Not quite significant. So I plot another one with range `[100..10000..100]`.

:::warning
There are some oscillation in the plot, I think it is because that there is not only this process which run on this machine. The cache may also be modified by other process, thus cause some additional cache miss, thus makes the execution time longer.
:::
#### Tasks
* At what point does cache blocked version of transpose become faster than the non-cache blocked version?
* When the dimension of matrix is bigger than 1000 (more accurate: bigger than 1600), the cache blocked version becomes significantly faster than the naive one.
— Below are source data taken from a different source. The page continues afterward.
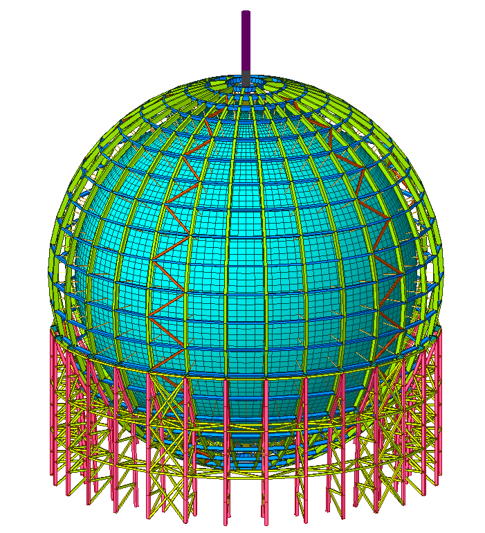 接到中心探测器结构方案咨询任务后,团队首要工作是深度研判探测器的技术需求,最终通过多方案比选,确定不锈钢单层网壳+有机玻璃球复合结构体系——网壳承担承重功能,有机玻璃球罐用于储存液体闪烁体。团队反复细化网壳分格尺寸、有机玻璃球壁厚、支撑构件参数,完成方案图纸绘制与报告编制;同时开展模拟计算进行多维度验证,形成的计算报告为方案可行性提供了科学依据。
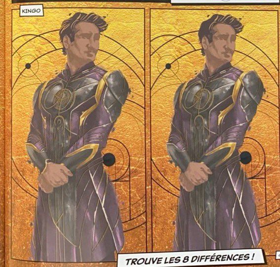 La revelación llega gracias a un álbum de estampas y Kingo tiene una actividad de encontrar diferencias entre las dos imágenes, por lo que sirve perfecto para echarle un vistazo a este superhéroe. Curiosamente, la imagen no fue colgada en redes sociales debido a un juguete, como ocurrió cuando Filtraron el primer vistazo a Salma Hayek como Ajak con todo y su traje, sino que es un artículo de papelería, así que realmente hay muchos promocionales ya disponibles que contienen cosas no antes vistas de la cinta.
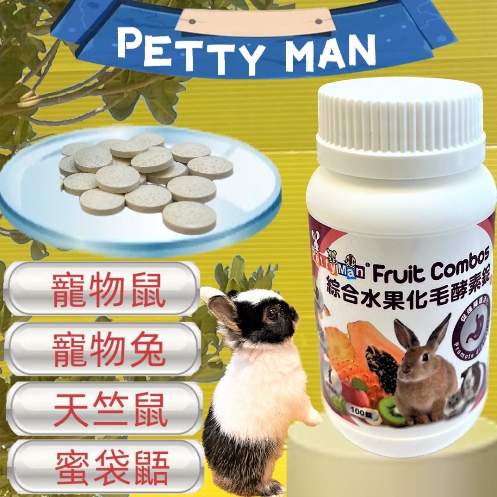 ✪四寶的店✪Petty Man 綜合水果化毛酵素錠 100錠 健康補給 小動物 鼠 化毛 蜜袋鼯 兔 木瓜鳳梨酵素丸
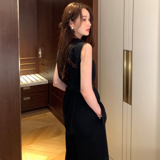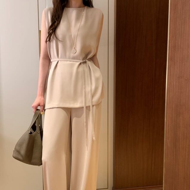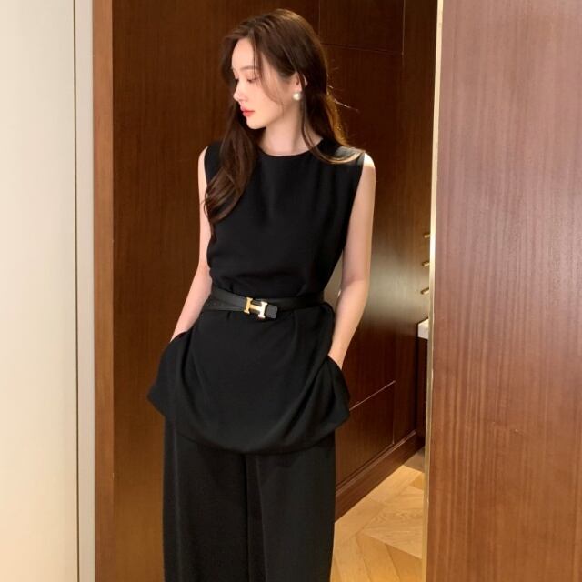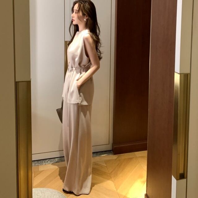 【予約販売】セットアップ レディース 無地 ベージュ ブラック ブルー ノースリーブ ワイドパンツ フォーマル 結婚式 セレモニー パーティー 美ライン こなれ感 大人可愛い 楽ちん 韓国 春 夏 トレンド フリー
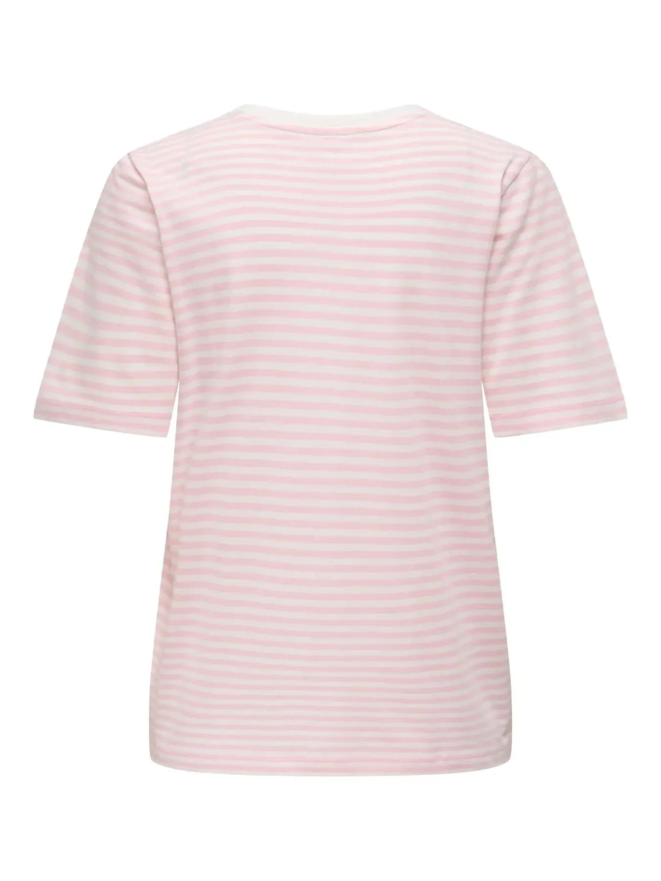 Stribet T-skjorte fra Only i rosa og hvitt. Laget av 100 % økologisk bomull med en liten kirsebærbroderi på brystet.

And the ratio of the speed of cache blocked version to naive version become larger (in exponential rate) along with the matrix size.
* Why does cache blocking require the matrix to be a certain size before it outperforms the non-cache blocked code?
* Because if the matrix size is small enough, it can entirely be store into the cache. In this case, there is no cache block replacement occur in each situation, so the performance of these 2 version are almost the same. But as the matrix size grows, the cache blocked version causes less block replacement, thus outperforms the other version.
### Part 2 - Changing Blocksize
#### Requirement
Fix n to be 10000, and run your code with blocksize equal to 50, 100, 500, 1000, 5000.
#### Result
The result is ploted as below (only x axis is in logscale):

The result in range `[50..5000..50]` (x axis in normal scale):

:::warning
The naive version doesn't make use of `blocksize` parameter, so its execution time should be the same through out this experiment. But it is a little bit higher at the beginning. I guess it is because of the cold start misses.
:::
#### Task
* How does performance change as blocksize increases? Why is this the case?
* The performance drops along with the blocksize grows.
* Because when the block get larger, we need to access more cache block within a transpose in a block. This causes the bad locality. As the blocksize grows to the matrix dimension, it degenerate into the naive version. So the 2 line should intersect when the blocksize reach 10000.